My question is specifically regarding predicting. Could someone show me an example of the jump from fitting the model (which I have above), to actually predicting. I think the algorithm involves:
- finding the best model from cross validation (i tried to incorporate this with the monitor val accuracy section)
- the list of sequences to predict the class for is in pred_list
- fit the best model from training to pred_list
- return probabilities as described at top of question.
I know this exist from other questions (e.g. here):
prediction = model.predict(np.array(tk.texts_to_sequences(text)))
print(prediction)
....but I don't know how to incorporate this with cross validation, and also in a way that I get my desired output (i.e. a three class probability per sequence of being assigned to class 1,2 or 3 in the training data set, where each sequence can appear in multiple classes).
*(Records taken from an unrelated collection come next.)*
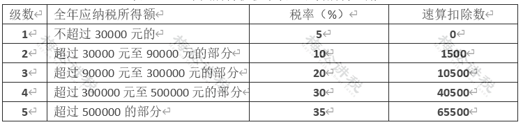 经营所得采用查账征收的,适用5-35%的五级累进税率,如下表所示: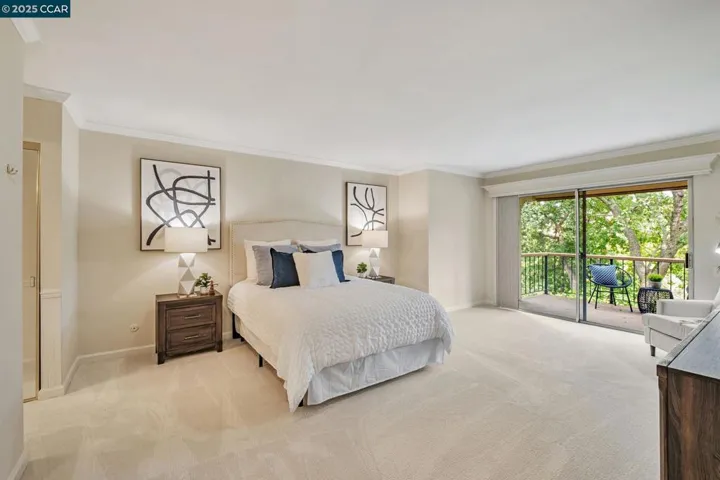 You’ll love the two spacious balconies offering fantastic golf course views! Enjoy serene vistas of rolling hills framed by both deciduous and evergreen trees. This desirable Villa Madrid model is a duplex that lives like a penthouse, with no shared walls for exceptional privacy. The elegant living room features a beautiful gas fireplace and classic wainscoting, creating a warm and inviting atmosphere. The kitchen offers abundant counter space and a large pantry, while the breakfast room is perfect for casual dining. The primary suite includes a secluded private balcony—your own peaceful retreat. A covered, oversized carport with a storage room is conveniently located at the bottom of the stairs. The Mutual (HOA) also offers its own club room for residents to enjoy.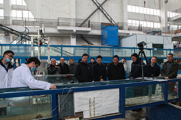 在山地灾害实验模拟大厅观摩堰塞湖溃决实验

Edit 1: based on the below comment, I changed the end of the code to:
(in cross validation loop, so should be indented)
#evaluate the model
scores = model.evaluate(X_test, y_test, verbose=0)
print("%s: %.2f%%" % (model.metrics_names[1], scores[1]*100))
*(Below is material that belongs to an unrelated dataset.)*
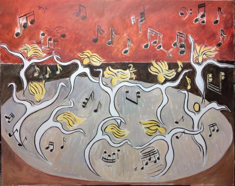 Formes stylisées qui forment une ronde et dansent sur les notes de musique virevoltantes.

cvscores.append(scores[1] * 100)
#predict for new set of seqs
pred_list = ['GTGTGCGCT','GGGGGTCGCTCCCCCC','AAATGTTGT','GTGTGTGGG','CCCCTATATA', 'GGGGGGGGGTTTTTTTT']
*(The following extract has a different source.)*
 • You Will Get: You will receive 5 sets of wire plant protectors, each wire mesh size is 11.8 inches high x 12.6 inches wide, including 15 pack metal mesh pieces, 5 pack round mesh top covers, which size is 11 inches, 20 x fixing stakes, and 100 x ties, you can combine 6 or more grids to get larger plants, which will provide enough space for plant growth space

prediction = model.predict(np.array(tokenizer.texts_to_sequences(pred_list)))
predcvscores.append(prediction)
(out of cross validation loop)
print(predcvscores)
#check the accuracy
print("%.2f%% (+/- %.2f%%)" % (numpy.mean(cvscores), numpy.std(cvscores)))
I get the error:
Error when checking input: expected embedding_3_input to have shape (5,) but got array with shape (1,)
I guess what this is saying is that I can't just read in a set of sequences like pred_list? Is it not possible to do this, or am I not taking the right approach? Also, I'm not sure that this method will give me, for each item in pred_list, an output that is a probability of appearing in category 1,2 or 3, but maybe I am wrong and it will.